=== Begin Enclosure ===

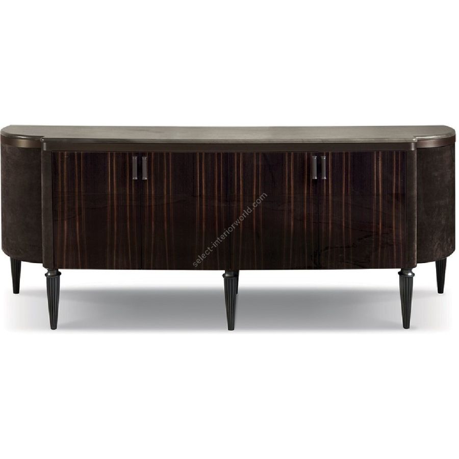 Low cabinet with wood structure in the finishes: glossy/matt Maple, glossy/matt heat-treated Eucalyptus, glossy/matt ebony, glossy/matt Canaletto walnut, glossy/matt Sycamore frisè. Curved sides covered in leather as in our sample set. Shaped top in the finishes: matt ebony with inlay, Marble 20 mm thickness with half-bullnose rounded edge: White Carrara marble, Imperial Brown marble, Sahara Noir marble (polyester finish), Dover White marble, Panda White marble, Guatemala Green marble, Corteccia marble, Port SaintLaurent marble, Red Levanto marble, Bardiglio Nuvolato marble, Elegant Brown marble, Shale Rosewood marble, Emperador Dark marble, Silver Wave marble, Agatha Black marble, Frappuccino marble, Calacatta marble, Fusion Light marble, Patagonia marble, Explosion Blu marble, Fusion Multicolor marble, Juliet quartz marble. Edge in metal in the same finish as the legs or covered in leather as in our sample set. Legs in metal in the finishes: Satin nickel, bright shaded brown, bright light gold, matt Champagne gold, bright chrome, bright black chrome, matt satin bronze, bright pink gold, matt pink gold, Black Rose gold. Grooved metal handles.
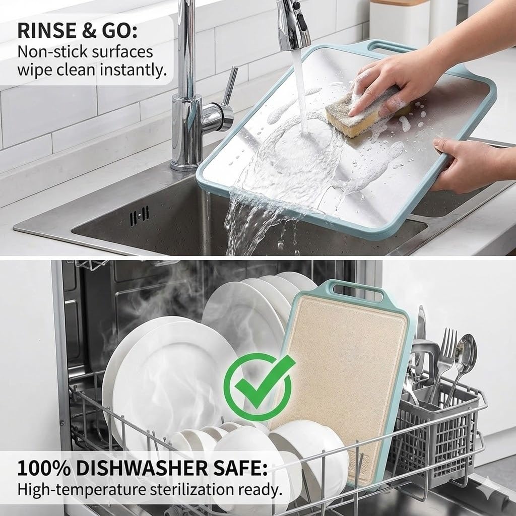 Food-Grade Safe & Non-Toxic : Both surfaces are made with food-grade materials – BPA-free wheat straw and rust-resistant steel – safe for all kitchen use.
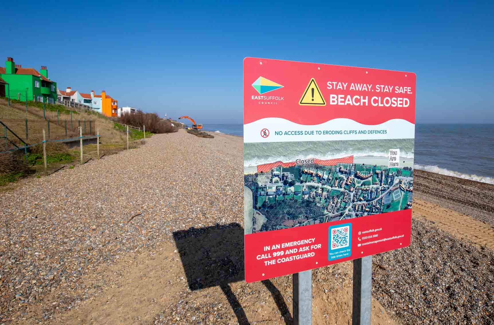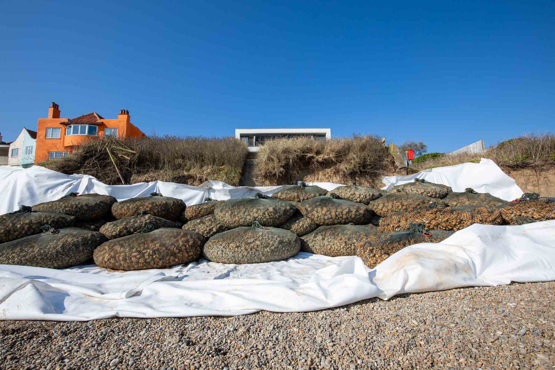 Approximately 250 rock bags are being placed along a 50-metre stretch of beach in Thorpeness near Sizewell, a village where a number of beachside properties are under threat due to coastal erosion.
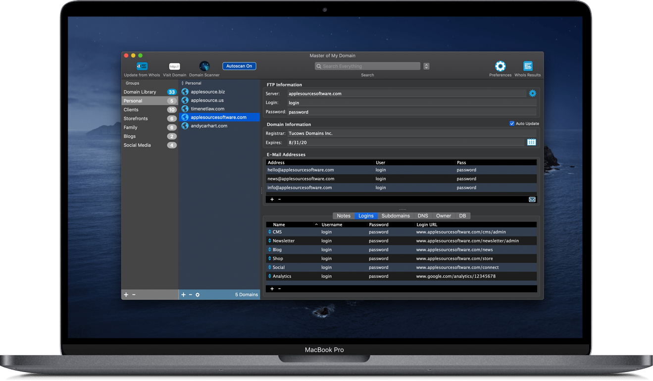 Master of My Domain keeps track of registrar and expiration info, mail server settings and credentials, all your website logins, subdomains, DNS entries, database logins, domain owner contact info, free-form notes, and more.
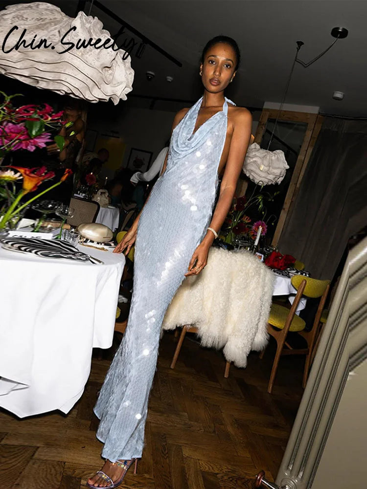 Euphoria Sequin Backless Party Dress Women Chic Sleeveless Lace Up Blue Female Evening Dresses 2025 Lady Bodycon Robe
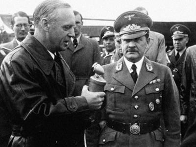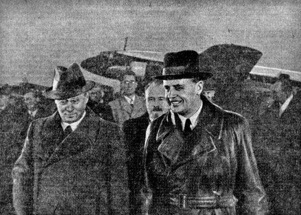 Кенигсберг. 27 сентября 1939 г. Перед вылетом делегации в Москву. На переднем плане Риббентроп и гауляйтер Восточной Пруссии Э. Кох. Сзади в фуражках два военных летчика, вероятнее всего, пилоты вылетающих самолетов: справа – Баур, слева – пилот второго самолета
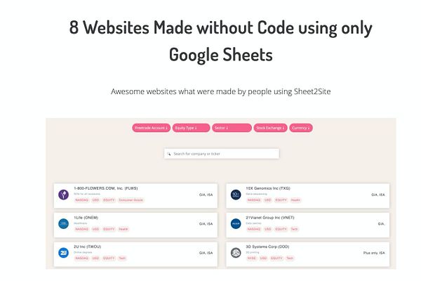 #sheet2site seo. write article 8 Websites Made without Code using only Google Sheets sheet2site.com/website-made-w…
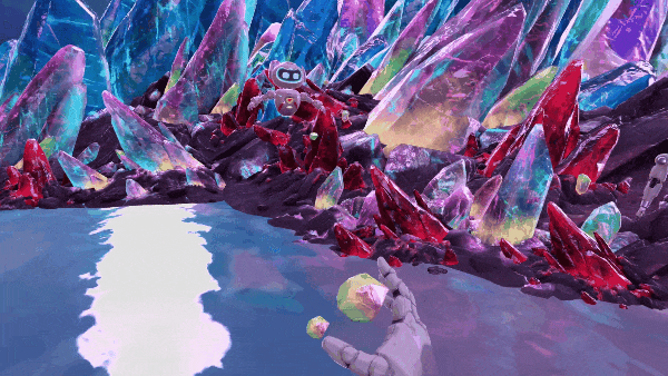 在这一体验场景中,对面的以太碎块可以化作人类的记忆,是让玩家深陷其中的一个陷阱。玩家需要需要击碎以太碎块,从而突破局面。就像《星际穿越》中墨菲身处的高维空间,需要先打破才能突破。
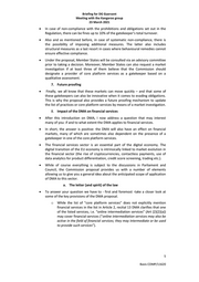 Briefing for DG Guersent Meeting with the Kangaroo group 23 March 2021 In case of non-compliance with the prohibitions and obligations set out in the Regulation, there can be fines up to 10% of the gatekeeper’s total turnover. Also and as mentioned before, in case of systematic non-compliance, there is the possibility of imposing additional measures. The latter also includes structural measures as a last resort in cases where behavioural remedies cannot ensure effective compliance. Under the proposal, Member States will be consulted via an advisory committee prior to taking a decision. Moreover, Member States can also request a market investigation if at least three of them believe that the Commission should designate a provider of core platform services as a gatekeeper based on a qualitative assessment. 7. Future proofing Finally, we all know that these markets can move quickly – and that some of these gatekeepers can also be innovative when it comes to evading obligations. This is why the proposal also provides a future proofing mechanism to update the list of practices or core platform services by means of a market investigation. 8. Impact of the DMA on financial services After this introduction on DMA, I now address a question that may interest many of you: if and to what extent the DMA applies to financial services. In short, the answer is positive: the DMA will also have an effect on financial markets, many of which are sometimes also dependent on the presence of a gatekeeper in one of the core platform services. The financial services sector is an essential part of the digital economy. The digital transition of the EU economy is intrinsically linked to market evolution in the financial sector (the rise of cryptocurrencies, contactless payments, use of data analytics for product differentiation, credit score screening, trading etc.). While of course everything is subject to the discussions in Parliament and Council, the Commission proposal provides us with a number of elements allowing us to give you a general idea about the anticipated scope of application of DMA to this sector. a. The letter (and spirit) of the law To answer your question we have to - first and foremost -take a closer look at some of the key provisions of the DMA proposal. o While the list of “core platform services” does not explicitly mention financial services in the list in Article 2, recital 13 DMA clarifies that one of the listed services, i.e. “online intermediation services” (Art (2)(2)(a)) may cover financial services (“online intermediation services may also be active in the field of financial services; they may intermediate or be used to provide such services”). 5 Basis COMP/11620
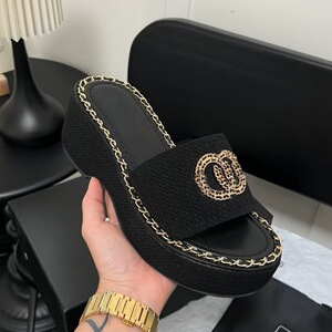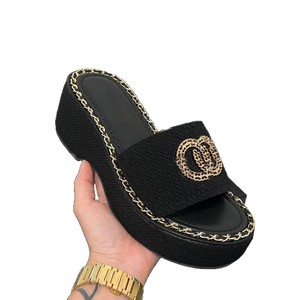 2025 新しいスタイルの小さな香りスタイル中空織りフラットソールスリッパアウターウェア高さチェーンビーチスリッパ女性の夏
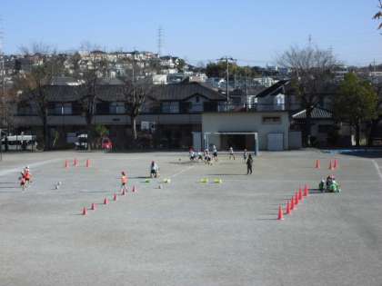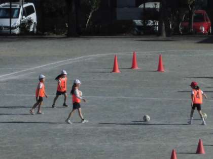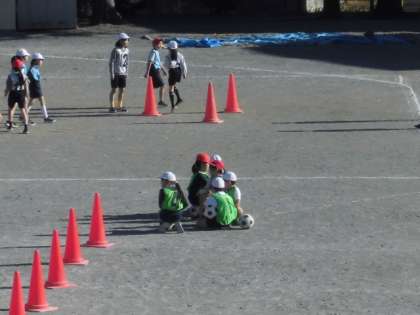 8日(金)1時間目、3年1組は体育の時間でした。校庭でゴール型ゲームの「ラインサッカー」をしました。2チームがゲームをしている間、他の2チームは、ドリブルの練習をしたり、相談をしたりしました。
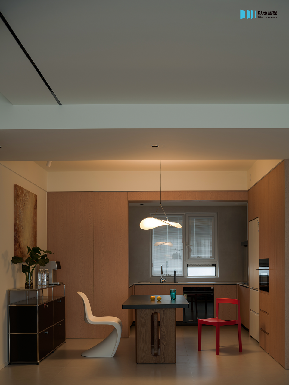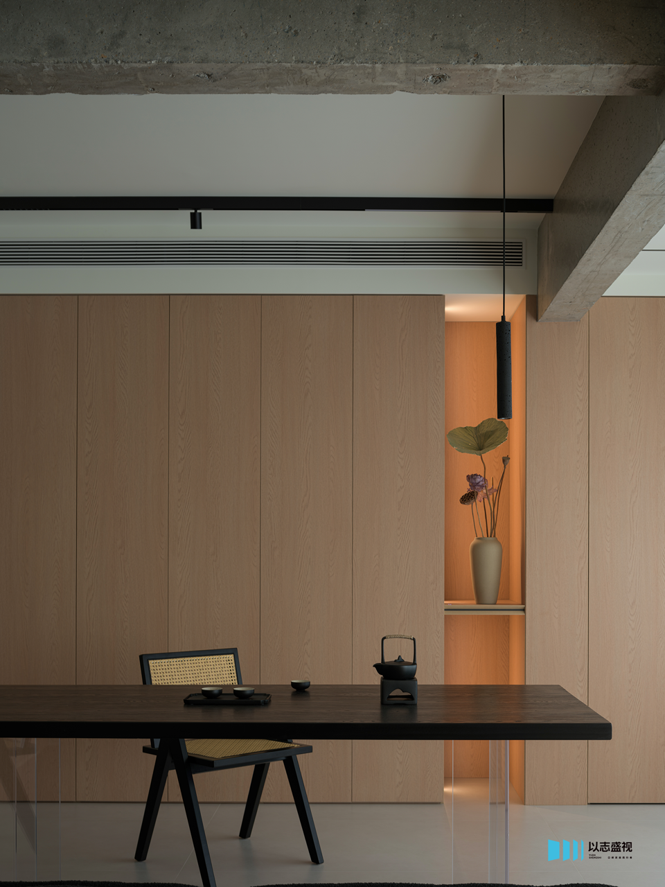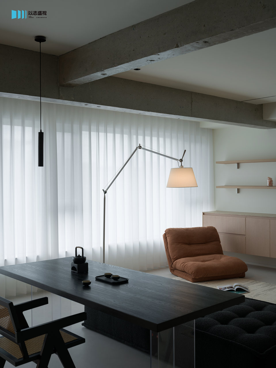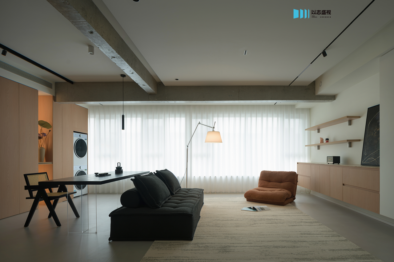 两侧背景墙分别是满墙功能柜与悬浮柜、隔板,功能分区清晰而联系,有盈无溢,划下动人的留白。
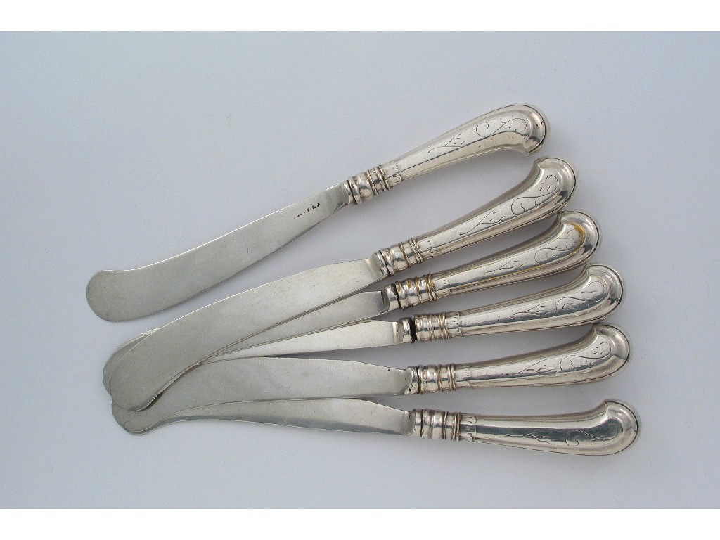 A set of six silvered brass side knives , pistol handled with close plated blades, stamped "GRATREX". (6)
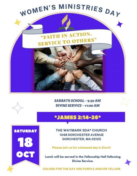 Mark your calendars and join us for a special Women's Ministries Day! This year we are celebrating the theme, "Faith in Action, Service to Others." The day will be filled with inspirational praise moments, uplifting worship, and precious time connecting with one another. Your presence is a wonderful way to show your support. Come, Be Encouraged and Celebrate with Us. Lunch will be served.
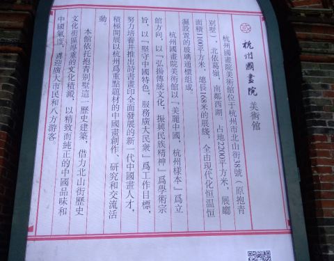 杭州国画院美术馆,位于弥漫着文艺气息的北山路,前身是大名鼎鼎的民国抱青别墅。建筑本身的历史源远流长,如今改建为杭州国画美术馆,对杭州人民免费展览国画经典,宣传国画文化,散发国画底蕴,造福人民群众的公益活动,相信也不会违背抱青别墅的主人的初衷。如果我是别墅的主人,可能还会会心一笑。 美术馆已抱青别墅的基本构造为基础,分别开设了几个展览中心,地下一楼时常举行各类群体活动。我们参观的当天,似乎有一些德高望重,充满艺术气息的国画家正在举行某个活动。文艺气息和深厚底蕴扑面而来。 正在举行的是杭州各区的国画展,看到自己从小熟悉的四季青,火车站,西湖十景等跃然纸上,国画里甚至连人物的表情和动物的眼神都惟妙惟肖,情不自禁心生佩服,也为自己的家乡作为画家的蓝本自豪不已。 国画作为中国沉淀了千百年的艺术之一,与西方油画可谓日月生辉。国画婉转优雅,欣赏是修身养性,提升气质的最佳手段之一。 抱青别墅里的美术馆,寻寻觅觅的书画气息,你,值得欣赏。
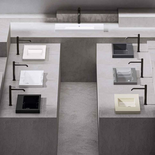 • Νιπτήρας επίπλου μπάνιου, από συνθετικό τεχνογρανίτη, με λεία και γυαλιστερή επιφάνεια, ανθεκτική στην αντίξοη χρήση (χτυπήματα, σκληρά απορρυπαντικά)

=== End Enclosure ===

_Instructions for the task_. Look above for the line with "Кенигсберг. 27 сентября", then print it and each line after it down to and including the line with "在这一体验场景中,对面的以太". Leave out the pictures and keep the wording exact.

_Result for this exercise_.
 Кенигсберг. 27 сентября 1939 г. Перед вылетом делегации в Москву. На переднем плане Риббентроп и гауляйтер Восточной Пруссии Э. Кох. Сзади в фуражках два военных летчика, вероятнее всего, пилоты вылетающих самолетов: справа – Баур, слева – пилот второго самолета
 #sheet2site seo. write article 8 Websites Made without Code using only Google Sheets sheet2site.com/website-made-w…
 在这一体验场景中,对面的以太碎块可以化作人类的记忆,是让玩家深陷其中的一个陷阱。玩家需要需要击碎以太碎块,从而突破局面。就像《星际穿越》中墨菲身处的高维空间,需要先打破才能突破。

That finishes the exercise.